Ok, I came up with this example for myself to try to understand the process, and to make my questions more clear.

Let X = { 1, 2, 3, 4, 5}
Let d be the normal metric d(x,y) = |x-y|
So (X, d) is a metric space.

I want to generate the induced topology. I know that the topology will be the collection of all open subsets of X.

How do I find all open subsets of X?

I listed every subset of {1,2,3,4,5} but I don't understand how to check if any particular subset is open.

Take for example, {1,2}

I know that this set is open if

"Now, a subset $G\subseteq X$ is defined to be open in the metric space if for any pont $x\in G$, there is an $r>0$ such that $B(x,r)\subseteq G$."

There are two points in this subset to consider, 1 and 2.

B(1,r) has to be a subset of {1,2} for some r > 0.

B(1,r) = {y: |1-y| < r}

let r = .00000042

Then B(1,r) = {1}

and that's a subset of {1,2}

B(2,r) has to be a subset of {1,2} for some r>0

B(2,r) = {y: |2-y| < r}

let r = .000000042

Then B(1,r) = {2}

and that's a subset of {1,2}

So {1,2} is an open set.

What did I just say? It seems like I could make any set that I wanted open. Why can't I just always make r small enough so that B is always just the singleton set of x itself, which is of course a subset of the set I'm considering, because I picked it from the set? It's just not making any sense to me at all.

Right, any set is open here. So you could do the same with any set. Like already has been said, all finite metric spaces have the property that all sets are open. So if you want nontrivial examples, you need to look at infinite spaces.

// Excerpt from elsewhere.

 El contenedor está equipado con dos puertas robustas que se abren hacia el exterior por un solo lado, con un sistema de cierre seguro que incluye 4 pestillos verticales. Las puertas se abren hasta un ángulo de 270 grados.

This helps me understand what a topology is, and what an open set is, but I still don't see how I generate a topology from a metric.

Usually, you don't find the explicit topology at all, it's just too complicated. For example, you have no idea even what a generic open set in $\mathbb{R}^2$ looks like! However, you do know what the open balls look like. And the open balls generate the topology (in the sense that any open set is a union of open balls). So we say that the open balls form a basis. A lot of topological concept (actually, almost all) can be stated for bases instead of topologies. So the important concept in topology is actually a basis. A topology is usually too big.

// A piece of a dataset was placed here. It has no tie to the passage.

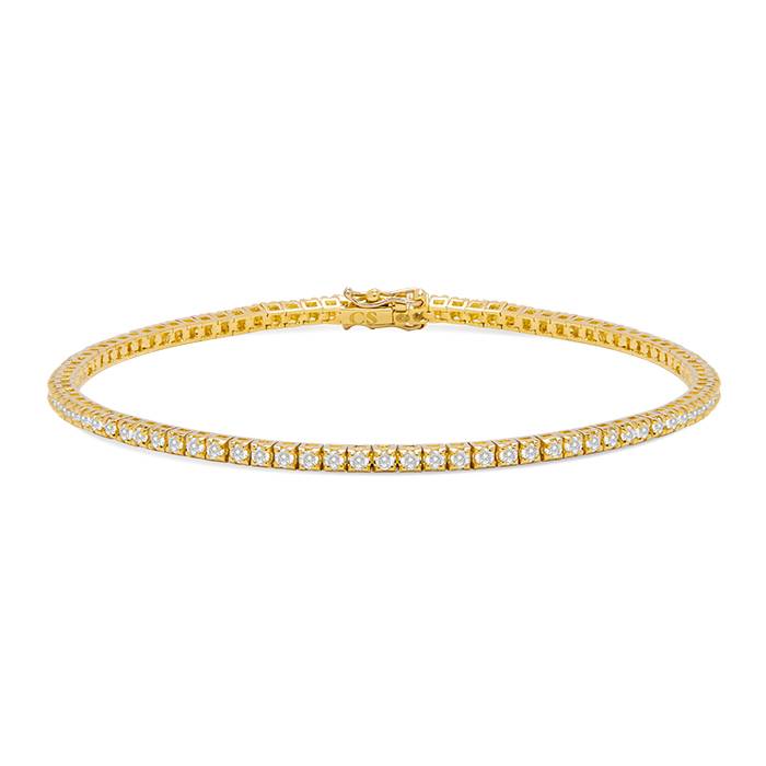 Muy bonito brazalete de oro amarillo y diamantes, compuesto de un delgado engaste de oro amarillo, adornado undefined de diamantes de talla brillante pesando en total 1.07 quilate.

My only guess is that I have to list every single subset of X, and then look and see if there is an r such that the ball of radius r is a subset of X for every single element of every single subset of X, which according to my great lack of understanding above, there will be an r no matter what that satisfies that idea. This seems completely impossible to do anyway, my first exercise is to prove that the discrete metric generates the discrete topology, but I'm not told anything about the set its on, so what I've just described can't be the process. What is the process of generation?

The set is arbitrary. So take an arbitrary set $X$ with the discrete metric. Now prove that any set is open.

Again, if you want more nontrivial examples, then look at open sets in $\mathbb{R}^2$.

 

[1MileCrash]

Thanks for your patience mm, so you mean that any subset of any finite set is always open regarding any metric on that set?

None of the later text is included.